Troubleshooting
Problem
Diagnosing The Problem
- CPU Architecture
- Database Type
- Version
- Fix Pack
- DB Install Time zone
- IBM MQ Version
- External Service (Cassandra, Kafka, Elastic Search etc.) Versions if applicable
- Cloud Vendor Details
- Version and Fix Pack
- Version and Fix Pack
- OMS Version Deployed
- Operator Version
-
Version and Pod Status
Objective: To check the operational status and versions of Catalog Sources and associated Pods.
Command:
oc get catalogsource,pods -n <namespace>Note: Replace <namespace> with the specific namespace where the catalog source is deployed. For OpenShift, this typically is openshift-marketplace.
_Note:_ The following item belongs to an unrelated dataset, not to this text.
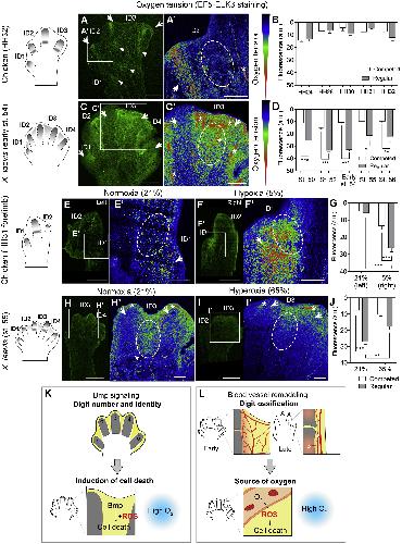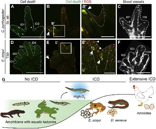 Figure 2. Atmospheric Oxygen Levels Regulate Interdigital Cell Death in Tetrapods
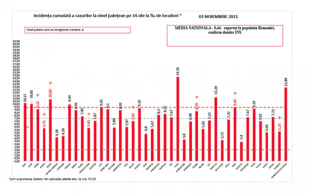 Bilanț COVID-19 din 3 noiembrie 2021, în România. Distribuția pe județe

In other Kubernetes platforms, the namespace might vary based on your setup.
-
Catalog Source Details
Objective: To collect detailed YAML configuration data of the Catalog Sources for in-depth troubleshooting.
Commands:
-
General Catalog Source Information:
oc get catalogsource -n <namespace> -o yaml > operator_troubleshooting_csinfo.yaml -
Specific Catalog Source Configuration:
oc get catalogsource <catalogsource-name> -n <namespace> -o yaml > specific_catalogsource_details.yamlThis command allows for retrieving YAML configurations of oms catalog source i.e. ibm-oms-catalog providing a granular view necessary for deeper troubleshooting.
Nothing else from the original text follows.